The government also said it would pay the EPF contribution to company employees to help them recover from the virus crisis.
To ease financial stress as companies return to work, the government will continue to support EPFs for companies and workers for an additional three months, providing liquidity relief of Rs 2.5 billion. This will benefit 72.22 lakh employees.
“The government will pay the two-quarter EPF for companies with up to 100 employees and where 90 percent of the staff receives up to Rs 15,000 per month,” said Nirmala Sitharaman.
This would help companies facing financial stress as they return to work, the government said. It would also increase the disposable income of employees.

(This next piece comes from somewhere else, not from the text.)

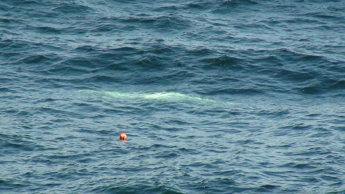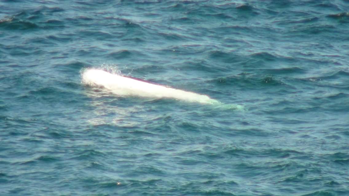 Figure 1. Beluga whale surfacing near Dunseverick, Co. Antrim, 30 July

The government had made payments of 12 percent from the employer and 12 percent of employee contributions to EPF accounts in March, April, and May.
This will extend for another three months to wages in June, July and August.
The purpose of a provident fund is to help employees save a percentage of their monthly salary. Under an employee provident fund scheme, an employee pays a certain contribution to the scheme and the employer pays an equal contribution. The employee receives a lump sum upon retirement.